Laura, Ashley, Kim, and Whitley
They say your purpose is borne from your pain. I was a child deeply influenced by the media, specifically television. I loved TV! The characters were regulars in my life I could count on every week. I loved the stories and how it shaped my imagination of what the world was really like outside of Metro Detroit where I grew up. Oh I used to pretend to live out the opening sequence of TV sitcoms. Before the TikTok trend I was in the mirror pretending to do something turn and smile to myself earnestly. The joy! My earliest memories of Black girl magic on TV were Laura Winslow, Ashley Banks, Kim Reece and Whitley Gilbert. These girls, the first two in particular, were slightly older than me and I definitely wanted to be like them. I wanted to be as cool as Laura, I wanted Ashley’s hair (we can get into hair politics later), I wanted to be as brilliant as Kim, and as obnoxious as Whitley was there was something I loved about her. My first visions of young Black womanhood came from these characters. While they represented a range of shades and experiences the one thing they all were was skinny.
I realized I was abundant in body (shoutout to Amber J. Phillips) when I was in 3rd grade. The kids in school were talking about how much they weighed. I remember coming home, going into my parents blue bathroom closing the door and stepping on the scale. The number on the scale was bigger than everyone else’s. 100. That was the first moment I knew I was different. I then began to learn what being Black and fat meant. What did my life mean if I was also fat? I wasn’t seeing any fat girls with love interests on tv, let alone on TV period. When they were on TV they were loud, aggressive, and boy crazed. For this shy, sensitive nerdy, romantic, empath none of that resonated. I internalized all of that imagery of abundantly bodied Black girls and it did a number on my psyche.

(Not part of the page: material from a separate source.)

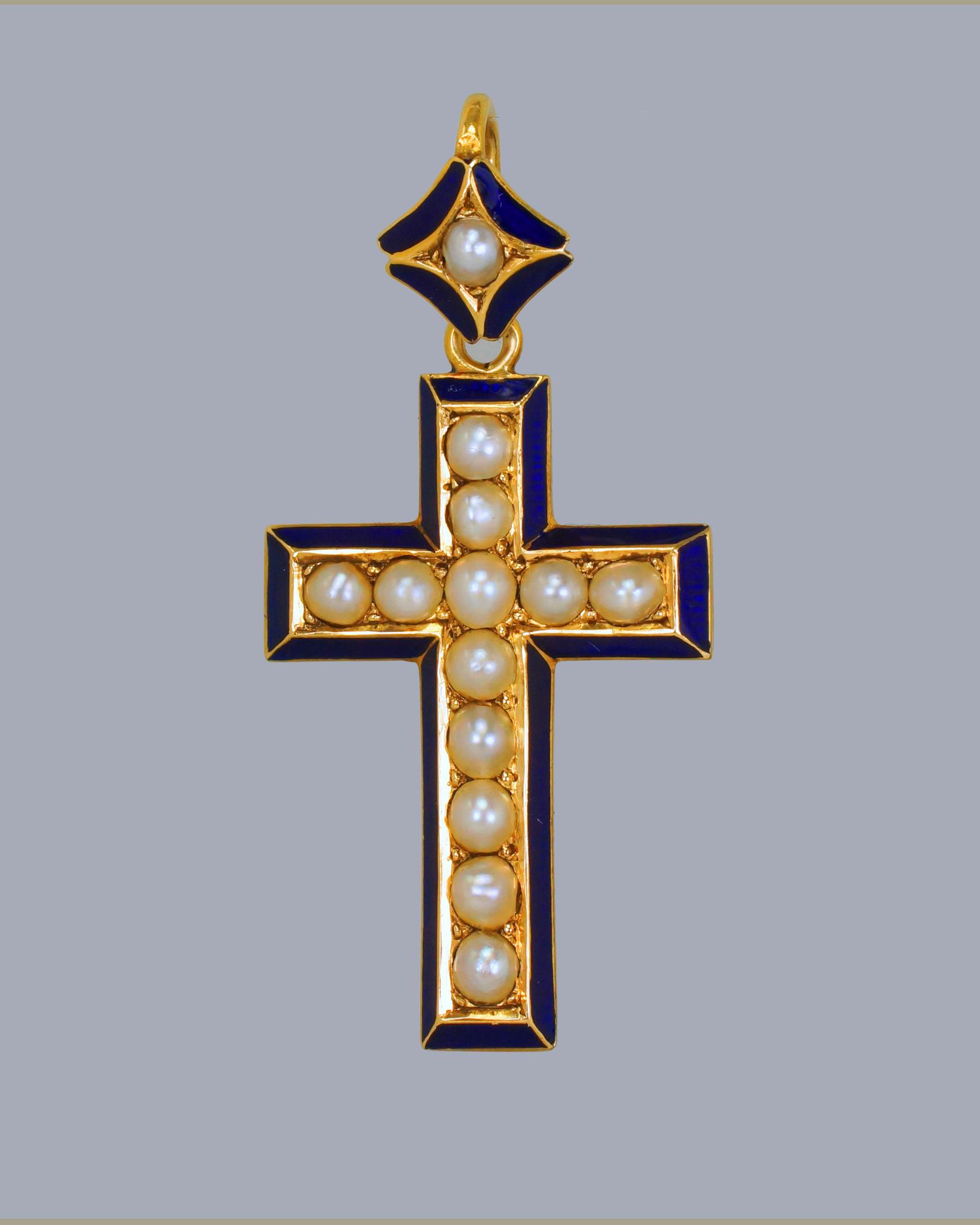 Victorian Pearl & Blue Enamel Crucifix Pendant 18ct Gold Antique Cross c.1900

It was in college that I started learning more about the different tropes of Black folks in media that I really started the process of excavating where my own internalized self hatred came from. I did my senior thesis as a comparative analysis of both film versions of Imitation of Life. I was in deep. I loved (and hated) understanding the journey of how WE ended up on the screen. I was constantly analyzing the characters on screen and seeing how those old categories of characters still lived on. I thought my career was going to be in academia and even considered graduate programs to keep studying. I somehow ended up in LA working as a lawyer and later a media founder actively working to bring more authentic stories to the screen.
I recognize how lucky I am to have had Laura, Ashley, Kim and Whitley when such a relatively short time prior the only one of us you could see on TV was Claudine. I’m grateful for the continued evolution of us on TV from Living Single to Insecure, indie darling Sexless to Harlem. I do still long to see more stories that all versions of me resonate with. That’s the work I’ll continue to do.